ИЛИ КАК ЕДА ВЛИЯЕТ НА ПОТЕНЦИЮ

 
      Однажды я читал книжку о кровосмесительной связи гастрономии и химии. О том, что человек, по сути, мало чем отличается от реторты, в которой происходят какие-то каталитические процессы. Съел бисквит - один процесс, запил его чаем - другой. Честно говоря, я там мало что понял. Кроме того, мне всегда становится как-то неуютно от осознания того позорного факта, что человек - это смесь белков, углеводов, воды и щелочи.
      Я бы, будь моя воля, предпочел быть слепленным из олова, покрытого киноварью. Так, чтоб не проливался тот дымчатый рейнвейн, из которого я бы состоял вместо воды.
      Увы, все устроено так, как оно устроено. И в книжке про кровосмесительную связь гастрономии и химии мне с пугающей сложностью еще раз указали на место.
      В книжке, кстати, была глава, посвященная афродизиакам. С каким-то даже презрением про афродизиаки сообщалось, что вот, дескать, тысячелетиями в мире существовало упорное заблуждение на их счет. Традиционно к афродизиакам относят то, что формой, запахом или еще каким боком напоминает фаллос или вульву. Чаще всего эти малоцензурные в плане внешнего вида вещи находят в морских глубинах. Что неудивительно. Афродита ведь родом из морской пены.
      Тысячелетиями афродизиакам приписывались свойства едва ли не магические.
      Меж тем как даже первокурснику сегодня ясно, что магия тут ни при чем. А весь сыр-бор на самом деле возник из-за каких-то алкалоидов и феромонов, удельный вес которых в трюфеле несколько больше, чем в байонской ветчине. Причем если честно, то ненамного.
      Практически любой продукт может быть записан в афродизиаки. Если подходить научно, то любовный жар или там именины сердца можно раздуть и при помощи вареной репы, если съесть этой репы семьдесят два кило. Или при помощи жареной картошки, если поджарить ее на оливковом масле с чесноком и кайенским перцем.

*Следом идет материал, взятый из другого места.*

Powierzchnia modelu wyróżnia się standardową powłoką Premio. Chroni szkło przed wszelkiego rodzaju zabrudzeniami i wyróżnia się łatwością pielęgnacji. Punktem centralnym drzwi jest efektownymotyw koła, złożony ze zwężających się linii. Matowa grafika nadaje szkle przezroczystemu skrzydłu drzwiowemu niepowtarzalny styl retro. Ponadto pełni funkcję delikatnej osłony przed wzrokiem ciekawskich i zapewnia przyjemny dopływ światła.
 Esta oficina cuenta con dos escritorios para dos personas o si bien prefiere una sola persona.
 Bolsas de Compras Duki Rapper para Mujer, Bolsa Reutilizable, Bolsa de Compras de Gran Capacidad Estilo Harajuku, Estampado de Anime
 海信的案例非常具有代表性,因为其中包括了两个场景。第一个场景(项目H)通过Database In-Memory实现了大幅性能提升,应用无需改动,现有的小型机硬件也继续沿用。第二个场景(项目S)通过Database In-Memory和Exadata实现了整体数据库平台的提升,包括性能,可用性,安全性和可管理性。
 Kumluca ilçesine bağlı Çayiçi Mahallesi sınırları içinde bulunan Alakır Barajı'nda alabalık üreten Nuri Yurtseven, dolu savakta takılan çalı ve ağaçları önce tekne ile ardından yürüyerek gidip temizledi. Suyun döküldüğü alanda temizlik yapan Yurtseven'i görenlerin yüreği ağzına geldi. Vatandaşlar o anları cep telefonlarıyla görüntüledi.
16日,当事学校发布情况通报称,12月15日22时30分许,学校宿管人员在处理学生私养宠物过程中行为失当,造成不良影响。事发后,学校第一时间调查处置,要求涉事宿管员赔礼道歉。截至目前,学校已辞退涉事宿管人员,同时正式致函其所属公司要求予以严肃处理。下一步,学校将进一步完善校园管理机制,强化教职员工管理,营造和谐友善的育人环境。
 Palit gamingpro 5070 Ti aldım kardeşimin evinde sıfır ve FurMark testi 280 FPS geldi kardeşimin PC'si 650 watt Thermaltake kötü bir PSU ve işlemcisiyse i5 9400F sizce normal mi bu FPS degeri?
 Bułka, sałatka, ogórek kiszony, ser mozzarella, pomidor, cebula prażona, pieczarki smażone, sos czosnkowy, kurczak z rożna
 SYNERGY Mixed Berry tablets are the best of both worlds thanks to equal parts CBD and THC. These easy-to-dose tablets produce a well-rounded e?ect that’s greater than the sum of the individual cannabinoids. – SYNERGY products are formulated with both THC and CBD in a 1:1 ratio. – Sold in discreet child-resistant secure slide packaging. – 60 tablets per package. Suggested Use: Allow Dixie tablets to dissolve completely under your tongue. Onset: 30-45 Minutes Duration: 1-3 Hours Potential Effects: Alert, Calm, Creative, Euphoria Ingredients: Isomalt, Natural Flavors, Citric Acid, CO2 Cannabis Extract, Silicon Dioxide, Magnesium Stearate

      Но алкалоиды и феромоны в отличие от аспирина штука ненадежная. Механизм их действия остается загадкой даже для органических химиков. То есть не механизм даже, а обязательность, неотвратимость последствий. Я не имею в виду исключительно альковную сторону вопроса. Афродизиак ведь - он не только про постель. Я имею в виду принципиальную способность пищи возбуждать, ну, например, положительные эмоции или даже восторги. Почему-то одни вещи кажутся нам вкусными, а другие - ровно наоборот. А те, что кажутся невкусными, становятся вкусными при других обстоятельствах. И где-то, наверное, есть тот ключевой принцип, который, подобно золотому сечению в механике, творит кулинарные чудеса.
      Я не собираюсь достичь глубокого обобщения, я просто расскажу три маленьких эпизода моей собственной гастрономической биографии. Первая история - это история про вкус.
      Однажды я обедал в московском ресторане «Клуб Т». Шефом там был Патрис Тережоль, он позвал меня, чтобы показать какие-то новые фокусы в меню.
      В числе прочего там был то ли голубь, то ли перепелка, присыпанная трюфельной крошкой. Я методично жевал превосходно приготовленную птицу, размышляя о том, почему принято сходить с ума от трюфелей, вкус которых столь невнятен.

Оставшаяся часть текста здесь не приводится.